The search box does not appear to have a way to search for a specific exact phrase.
Based on how other search engines work, putting a phrase in quotes should require an exact phrase match.
However, currently searches with and without quotes produce the same result:
https://pypi.org/search/?q=%22Image+processing+routines+for+SciPy%22
and
https://pypi.org/search/?q=Image+processing+routines+for+SciPy
I would have expected the first one with quotes to only produce the result containing the exact phrase.
Good First Issue: This issue is good for first time contributors. If there is not a corresponding pull request for this issue, it is up for grabs. For directions for getting set up, see our Getting Started Guide. If you are working on this issue and have questions, please feel free to ask them here, #pypa-dev on Freenode, or the pypa-dev mailing list.
Thanks for your report, @pv, and sorry for the slow response!
The folks working on Warehouse have gotten funding to concentrate on improving and deploying Warehouse, and have kicked off work towards our development roadmap -- the most urgent task is to improve Warehouse to the point where we can redirect pypi.python.org to pypi.org so the site is more sustainable and reliable.
We discussed this issue in our meeting today to prioritize it. Since search in Warehouse is already much better than search on legacy PyPI, but users will probably expect search to work as you suggest, I've moved this issue to a future milestone that we'll work on in the next few months.
Thanks, @pv, and sorry again for the wait.
Note to people thinking about contributing to Warehouse: this would be a great first issue for a new contributor to tackle if the new contributor were already familiar with Elasticsearch.
I'm looking into this issue.
This doesn't look like a simple match to phrase_match change.
@waseem18 Yeah, I'm not _totally_ sure that this issue is actually a "good first issue" -- elasticsearch tuning has generally been pretty tricky in my experience.

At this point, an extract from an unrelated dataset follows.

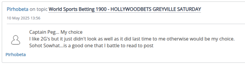 Re: HOLLYWOODBETS GREYVILLE SATURDAY 24 MAY 2025

But since you're not a new contributor anymore, should be a good issue for you. 馃檪
Update:
After changing match to match_phrase at this line and searching Warehouse with string containing spaces (example: cli github), we get Transport Error.

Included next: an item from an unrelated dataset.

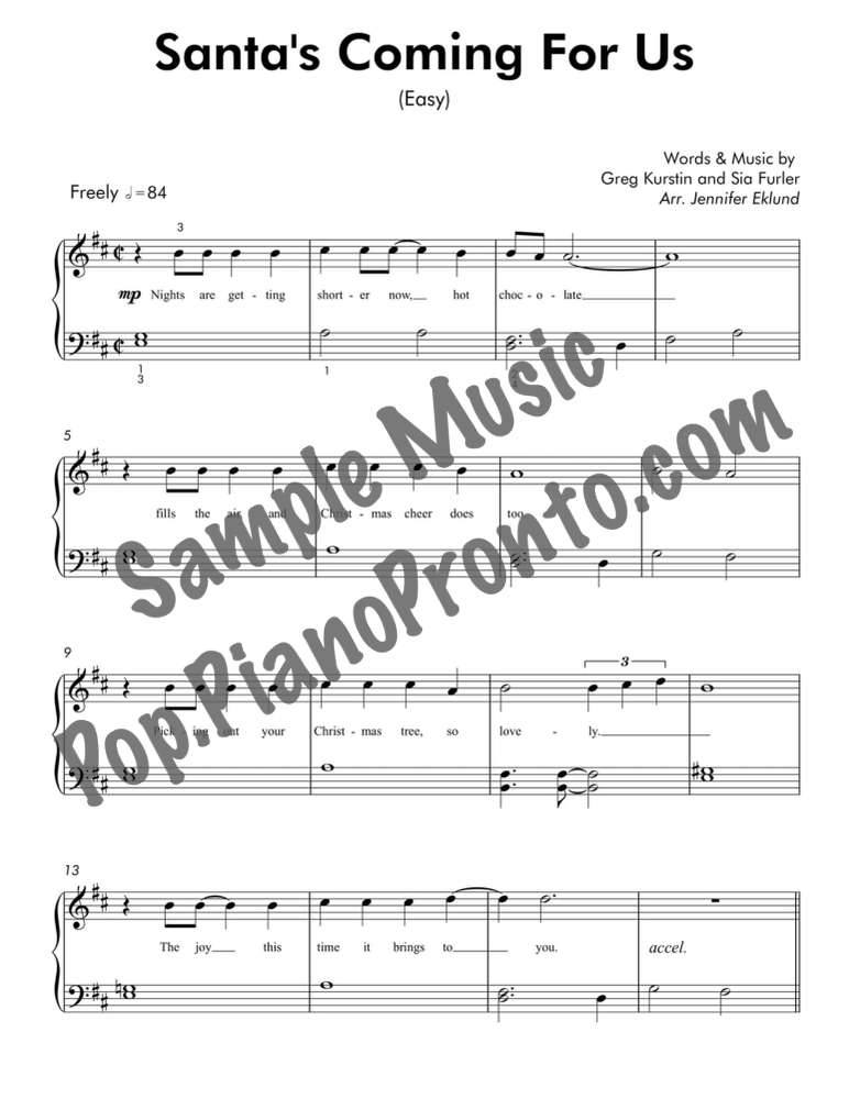 Santa's Coming for Us, as performed by Sia, stylishly arranged for easy piano by Jennifer Eklund.

elasticsearch.exceptions.TransportError: TransportError(500, 'search_phase_execution_exception', 'field "normalized_name" was indexed without position data; cannot run PhraseQuery (phrase=normalized_name:"cli github")')
As phrase queries require index_options: positions- I changed
normalized_name = Text(analyzer=NameAnalyzer, index_options="docs") to normalized_name = Text(analyzer=NameAnalyzer, index_options="positions") here and then reindexed.

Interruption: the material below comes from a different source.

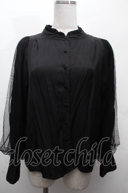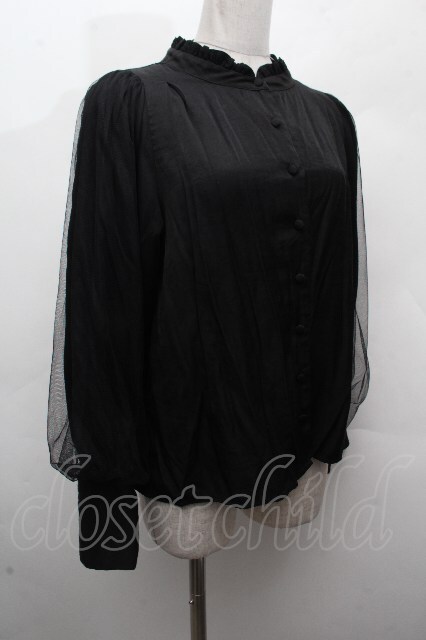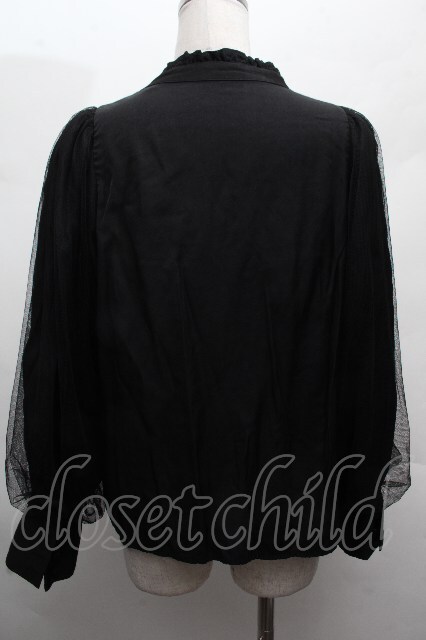 axes femme / 袖チュールブラウス 黒 S-26-04-19-032-AX-BL-HR-ZS [2100020000040126-S-26-04-19-032-AX-BL-HR-ZS]

At this point the search functionality works but I found the results are not efficient.
@waseem18 what do you mean "not efficient"? I would be happy to help fine-tune the queries
@waseem18 Maybe you have done some profiling and you have some specific performance numbers to share?
@HonzaKral By not efficient I mean the search results are way better when index_options=docs.
For example when we search image processing routines, index_options=docs gives good results while index_options=positions doesn't give any result.
This is same with queries containing spaces.
@waseem18 it's going to be helpful if you give concrete numbers or results, I think. Saying "good results" might mean that there are a lot of them, or they're relevant, or they're well ordered... feel free to cut and paste or take screenshots to show what you mean. :)
Sure @brainwane
In this particular case there should be no difference between which documents match with various index_options as long as the query remains the same. Only ordering (_score) of hits would be different where docs doesn't take into account frequency (how many times the word occurs in the document). positions is the default and should be used here
Thanks for the information @HonzaKral I'll get back with some examples and screenshots.
@HonzaKral Thanks for the help.
index_options to positions for Package index and respective match_phrase change. SEARCH_BOOST value of description from 5 to 10 which I believe improved phrase queries.1.


2.


3.


Note that users expect that it's also possible to do queries containing
both exact and inexact matches (probably should be ANDed), along the
lines of:
"image processing" geo
good use case @pv
Will have that in mind
That looks good @waseem18! What I would have expected! Note that for doing bool operators you can just use the Q object from elasticsearch-dsl: should.append(Q("match", ...) & Q("match_phrase", ...) & Q(...))
Thanks for the suggestion @HonzaKral I'll surely follow that.
In today's Warehouse developers' meeting we decided to pare down our near-future milestones on our development roadmap so they really only contain the essential bugfixes and features we need to launch, replace legacy PyPI, and shut down the old site. So I'm moving this issue into a milestone further in the future; sorry for the wait.